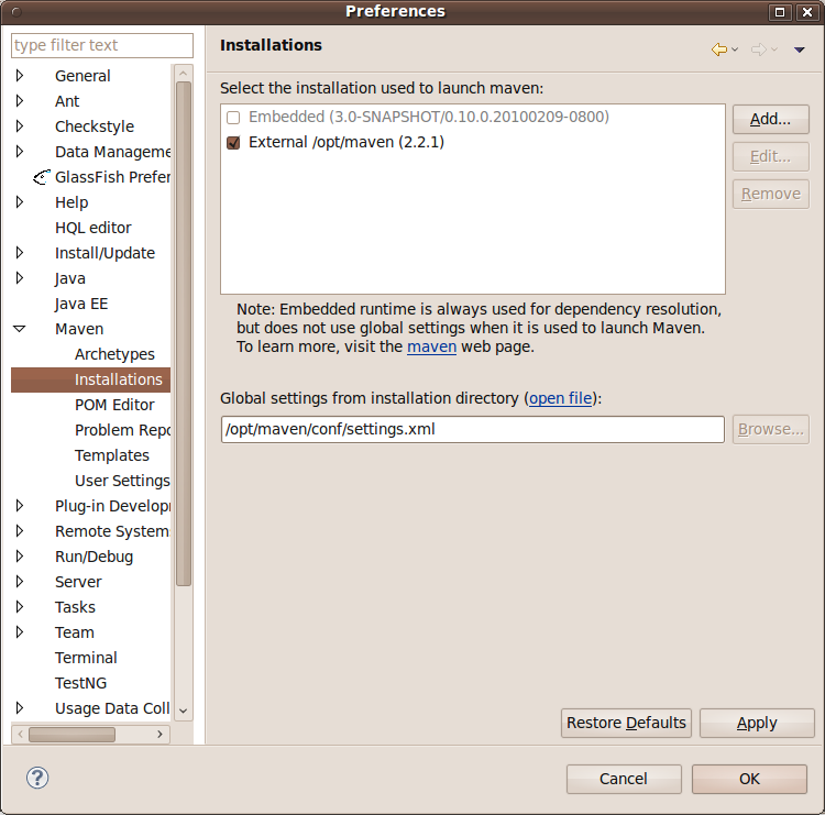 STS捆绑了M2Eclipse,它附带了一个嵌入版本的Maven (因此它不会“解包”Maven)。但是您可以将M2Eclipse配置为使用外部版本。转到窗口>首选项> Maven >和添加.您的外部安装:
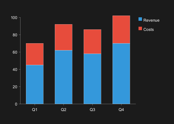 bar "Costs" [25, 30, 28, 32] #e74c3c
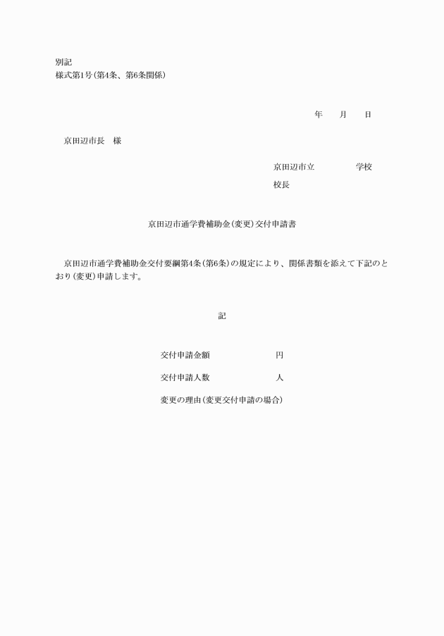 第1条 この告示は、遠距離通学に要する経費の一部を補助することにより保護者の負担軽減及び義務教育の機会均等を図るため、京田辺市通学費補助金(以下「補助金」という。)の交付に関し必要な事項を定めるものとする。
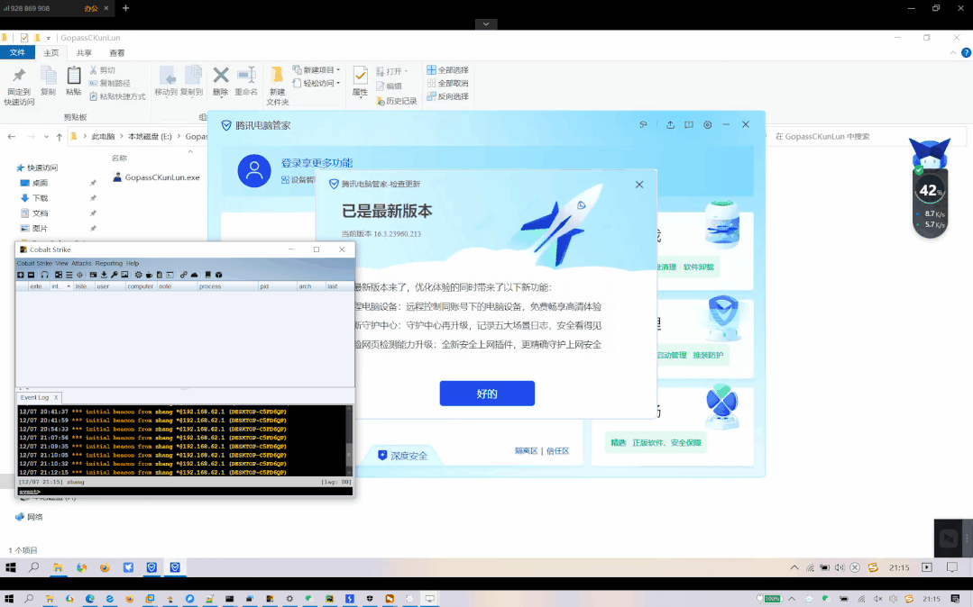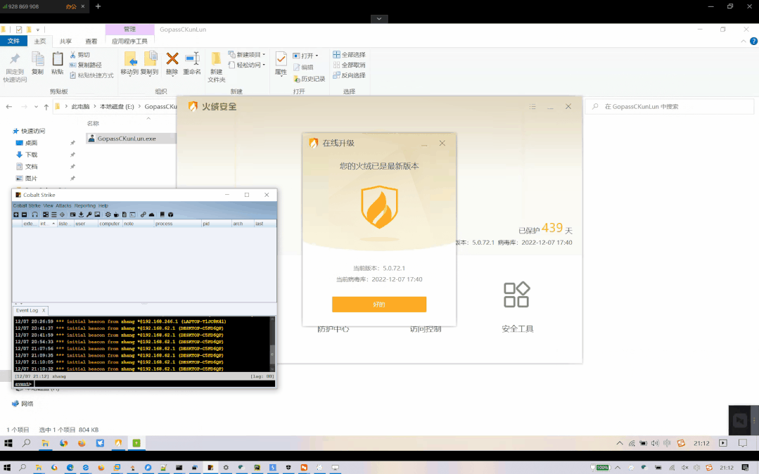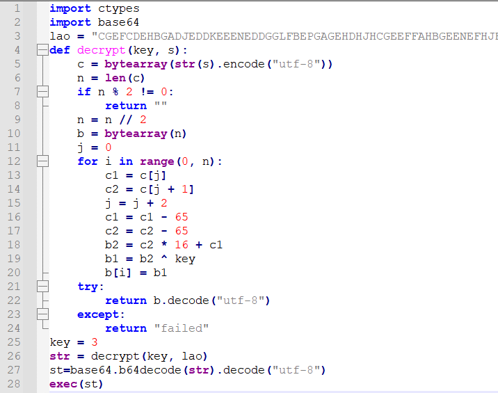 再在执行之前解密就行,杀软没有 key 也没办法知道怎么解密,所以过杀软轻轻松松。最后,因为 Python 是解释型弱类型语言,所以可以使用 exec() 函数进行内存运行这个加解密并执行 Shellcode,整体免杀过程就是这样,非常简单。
= = = =
• Work task:
Your answer must be the full listing, word for word, minus any images.

• Result of the task:
 STS捆绑了M2Eclipse,它附带了一个嵌入版本的Maven (因此它不会“解包”Maven)。但是您可以将M2Eclipse配置为使用外部版本。转到窗口>首选项> Maven >和添加.您的外部安装:
 bar "Costs" [25, 30, 28, 32] #e74c3c
 第1条 この告示は、遠距離通学に要する経費の一部を補助することにより保護者の負担軽減及び義務教育の機会均等を図るため、京田辺市通学費補助金(以下「補助金」という。)の交付に関し必要な事項を定めるものとする。
 再在执行之前解密就行,杀软没有 key 也没办法知道怎么解密,所以过杀软轻轻松松。最后,因为 Python 是解释型弱类型语言,所以可以使用 exec() 函数进行内存运行这个加解密并执行 Shellcode,整体免杀过程就是这样,非常简单。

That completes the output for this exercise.